Black operation, black tie ritual
Black magic, black carpet event on the Black Sabbath
Black helicopter, black metal, black Magnum
Black Berkowitz in a cell with black Manson
My brain’s strange from taking contaminated acid
While you be selling your soul we assassinate assassins
Spray up weddings and funerals, splatter banquets
Bang automatic ratchets and broadcast the transcript
We staring down the barrel of another 9/11
Souls condemned to burn in Hellfire cry for Heaven
Blood money turn the most innocent minds to weapons
Turn children to killers carrying knives in trenches
Selling crack in the rain on the benches with a vengeance
Make a dramatic entrance like the train scene in Death Wish
Spray automatics reckless, leave your brains leaking headless
Pulling out the heavy metal K in broad day and end this
Nothing’s sacred anymore, take your last breath
What I am, what I want, I’m only after death
Sons are born and guns are drawn
Clips are fully loaded and then blood floods the lawn
Yo, nothing’s sacred anymore, take your last breath
What I am, what I want, I’m only after death
Is there life after death and if so where we go?
And then blood floods the lawn
Throwing a body on my lawn
Clips are fully loaded and then blood floods the lawn

Tradução da letra

Não há qualidade no microfone que eu não tenha
As minhas mãos perfuram uma rocha como um soco de Apollo.
Quando eu era jovem, costumava seguir o pai.
E vê como ele lidaria com mais carne do que um anúncio do Mcdonald'S.
Sou de uma época de copos de Alpina e Diodoro.
A tua família vai precisar de uma florista.
Não há dúvida de quem manda no rap porque somos os mais brutos.
Bate com a cabeça com o estrondo, vês em Horace
Amo a minha mãe até à morte por me ter dado à luz.

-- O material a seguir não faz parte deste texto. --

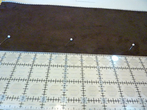 - Measure 3½” up from the bottom raw edge of the panel and draw a horizontal line with your fabric pen/pencil.

Já nem vejo vermelho, é burgundy.
Todas essas cadelas é apenas de aves para mim E ouvir de outro morto cop sacia a sede em mim Tudo o que é divino, é o inverso de mim casa de Richard Ramirez é como uma igreja para mim
Tenho uma navalha na boca, parece-me uma certeza a maneira como te corto a cara é como uma cirurgia.
Já nada é sagrado, dá o teu último suspiro.

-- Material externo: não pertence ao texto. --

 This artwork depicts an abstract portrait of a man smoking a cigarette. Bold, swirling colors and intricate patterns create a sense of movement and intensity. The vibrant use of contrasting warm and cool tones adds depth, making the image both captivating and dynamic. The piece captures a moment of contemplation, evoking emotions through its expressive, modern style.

O que sou, o que quero, só quero morrer
Os filhos nascem e as armas são puxadas
Os clipes estão carregados e o sangue inunda o relvado.
Já nada é sagrado, dá o teu último suspiro.
O que sou, o que quero, só quero morrer
Há vida depois da morte e, se assim for, para onde vamos?
Operação preta, ritual de gravata preta
Black magic, black carpet event on the Black Sabbath
Helicóptero Negro, black metal, black Magnum
O Berkowitz Negro numa cela com o Black Manson.
O meu cérebro está estranho por tomar ácido contaminado.
Enquanto vendes a tua alma, assassinamos assassinos.
Pulverizar casamentos e funerais, banquetes de salpicos
Bang automatic ratchets and broadcast the transcript
Estamos a olhar para o barril de outro 11 de setembro
Almas condenadas a arder no inferno clamam pelo céu
O dinheiro do sangue transforma as mentes mais inocentes em armas.
Transformar crianças em assassinos Carregando facas nas trincheiras
Vender crack na chuva nos bancos com uma vingança
Fazer uma entrada dramática como a cena do comboio no desejo de morte
Spray automatica imprudente, deixa o teu cérebro a pingar sem cabeça
Tirar o heavy metal K em dia e acabar com isto.
Já nada é sagrado, dá o teu último suspiro.
O que sou, o que quero, só quero morrer
Os filhos nascem e as armas são puxadas
Os clipes estão carregados e o sangue inunda o relvado.
Já nada é sagrado, dá o teu último suspiro.
O que sou, o que quero, só quero morrer
Há vida depois da morte e, se assim for, para onde vamos?
E depois o sangue inunda o relvado
Atirar um corpo ao meu relvado
Os clipes estão carregados e o sangue inunda o relvado.